Размер шрифта
-
+

Былое и книги - стр. 52

То есть не хотят вспоминать о мерзостях явно «раненые», а не «здоровые»: люди готовы помнить об ужасах, придающих еще большую цену их мужеству, но не хотят осквернять его пакостями. А потому всегда будут сосуществовать две истории – история фактографическая для узкого круга и общенародная история воодушевляющая, в которой и останется «Блокадная книга». И антинародность советской власти весьма впечатляюще выразилась в том, что приводимые в новом издании вычеркивания из новомирской верстки 1977 года покушаются именно на историю воодушевляющую: «Нет, Ленинград не Париж, Ленинград нельзя было объявить открытым городом. Сдать Ленинград означало обречь на уничтожение и его жителей, и сам город. Вероятно, директивы фюрера и его генералов о Ленинграде тогда не были текстуально известны нашему командованию, но суть их точно чувствовали и офицеры, и солдаты Ленинградского фронта, да и жители города. Не случайно в городе среди умирающих, гибнущих от обстрела, от голода людей было и отчаяние, и малодушие, и безверие, но почти не было мыслей о сдаче города. Это означало смерть позорную и верную, без всякой надежды. И это понимали все.

Да, тогда это было не знание, а понимание, сегодня такое понимание утратилось, сохранить его невозможно».

Вычеркнув эти строки, цензура пресекла попытку авторов защитить свою версию воодушевляющей истории от тех, кому психологически выгодно представить собственную капитуляцию, завершившуюся работой на гитлеровскую армию, как наиболее разумное, гуманное и культурное поведение. Убедить их, разумеется, ни в чем нельзя, люди руководствуются не рациональными аргументами, а психологическими интересами, но советская цензура лишала нас возможности выстроить собственную защиту.

Впрочем, в конце семидесятых лишь очень немногих задевало то, что сегодня раздражает почти всех: «В западной литературе мы встретились с рассуждением уже иным, где не было недоумения, не было ни боли, ни искренности, а сквозило скорее самооправдание капитулянтов, мстительная попытка перелицевать бездействие в доблесть… Они сочувственным тоном вопрошают: нужны ли были такие муки безмерные, страдания и жертвы подобные?

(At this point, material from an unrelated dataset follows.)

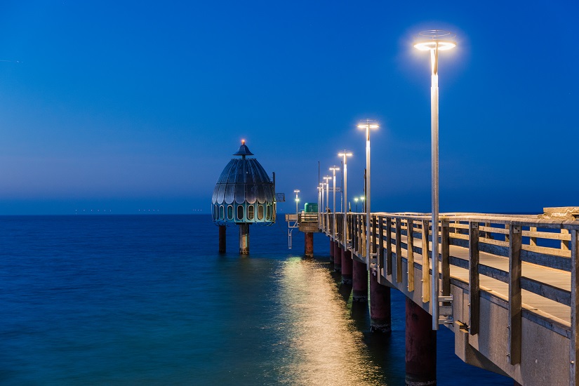 Die Seebrücke von Zingst ist rund 270 Meter lang und bietet traumhafte Ausblicke auf die Ostsee. Von hier starten Ausflugsschiffe, und in den Sommermonaten finden Veranstaltungen und Lichtinstallationen statt. Ein Muss für jeden Besucher!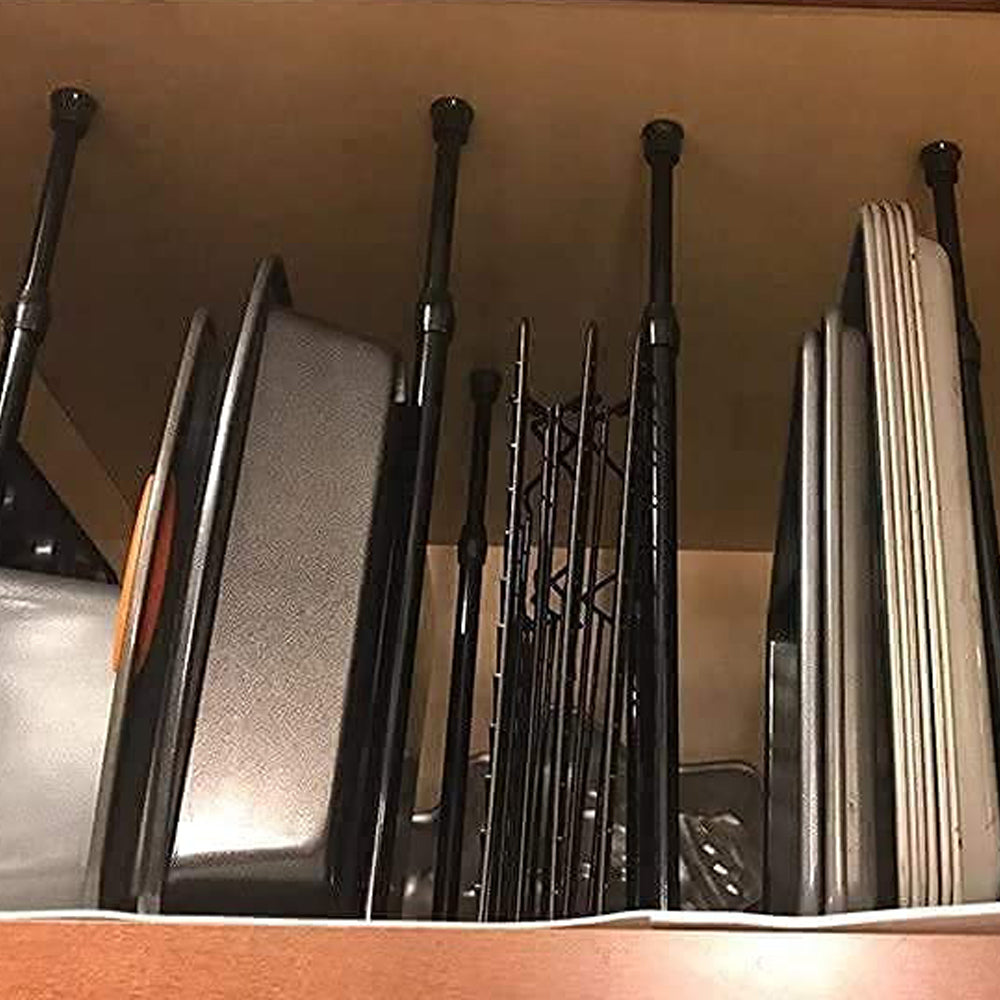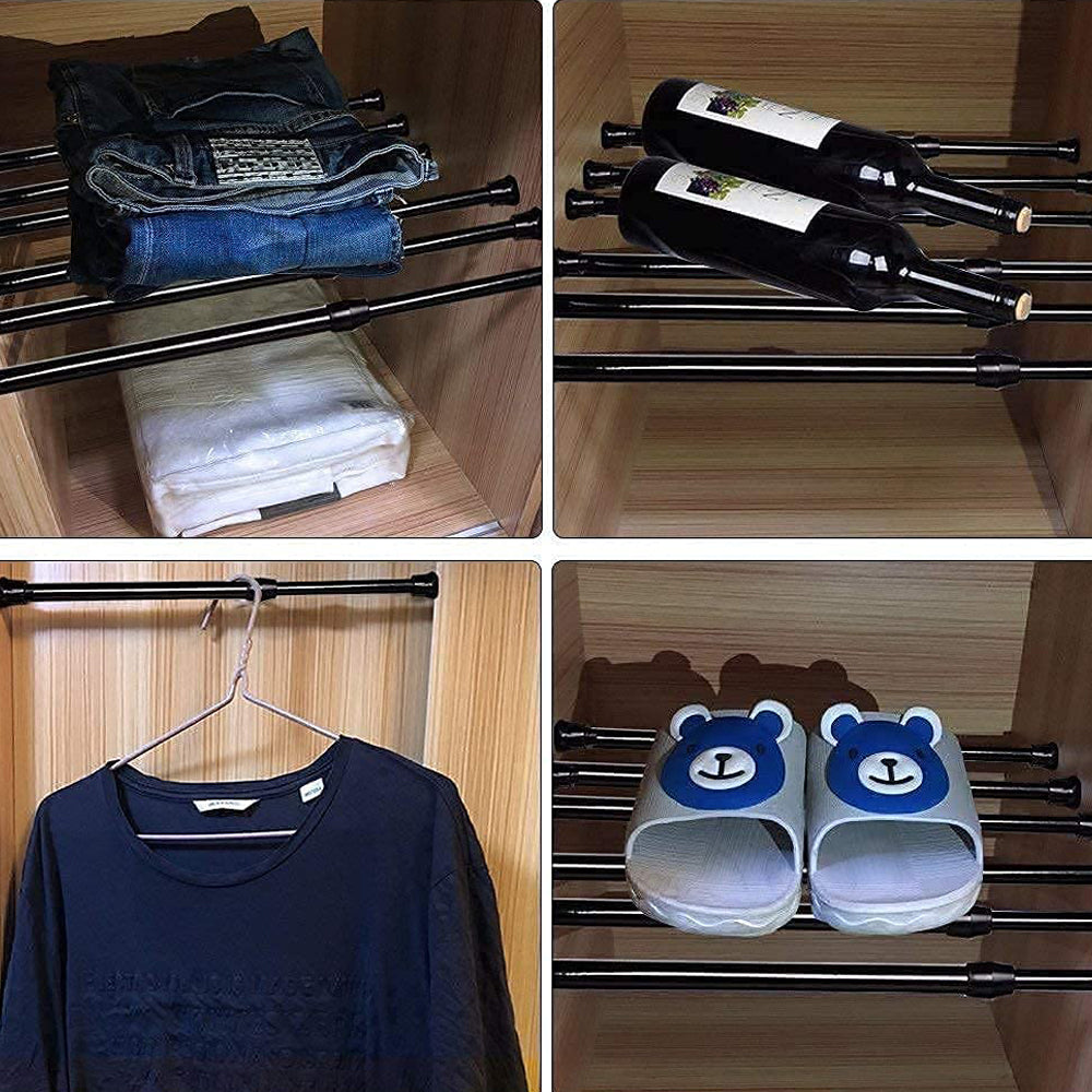 Please Note: Each rod is composed of two poles overlapping each other, and the two poles will separate if the rod is fully stretched. The overlapping part can bears better load, so the shorter the stretched length, the better the load bearing. For example, the application area is 140cm, and it is better to buy 105-190cm than 83-150cm

Оправданы ли они военными и прочими выигрышами? Человечно ли это по отношению к своему населению? Вот Париж объявили же открытым городом… И другие столицы, капитулировав, уцелели. А потом фашизму сломали хребет, он все равно был побежден – в свой срок…»

Как будто он был побежден «сроками», а не людьми! «Как же это цинично и неблагодарно! Если бы они честно хотя бы собственную логику доводили до конца: а не потому ли сегодня человечество наслаждается красотами и богатствами архитектурными, историческими ценностями Парижа и Праги, Афин и Будапешта, да и многими иными сокровищами культуры и не потому ли существует наша европейская цивилизация с ее университетами, библиотеками, галереями, и не наступило бездонное безвременье “тысячелетнего рейха”, что кто-то жалел себя меньше, чем другие, кто-то свои столицы и не столицы защищал до последнего в смертном бою, спасая завтрашний день всех людей?..»

Умение изящно выражаться и носить фрак автоматически обеспечивает джентльменам право быть верховными судьями всему человечеству. При таком благородстве тона и манер невозможно вспомнить, что Тридцатилетнюю войну, финалом которой и явилась Вторая мировая, развязали именно джентльмены во фраках, а не большевистские и не нацистские варвары – именно война бесконечно умножила их число и привела к власти над самой могущественной и просвещенной половиной мира. Но у какого же хама повернется язык потребовать покаяния от джентльменов, это их дело требовать покаяний от неотесанного мужичья!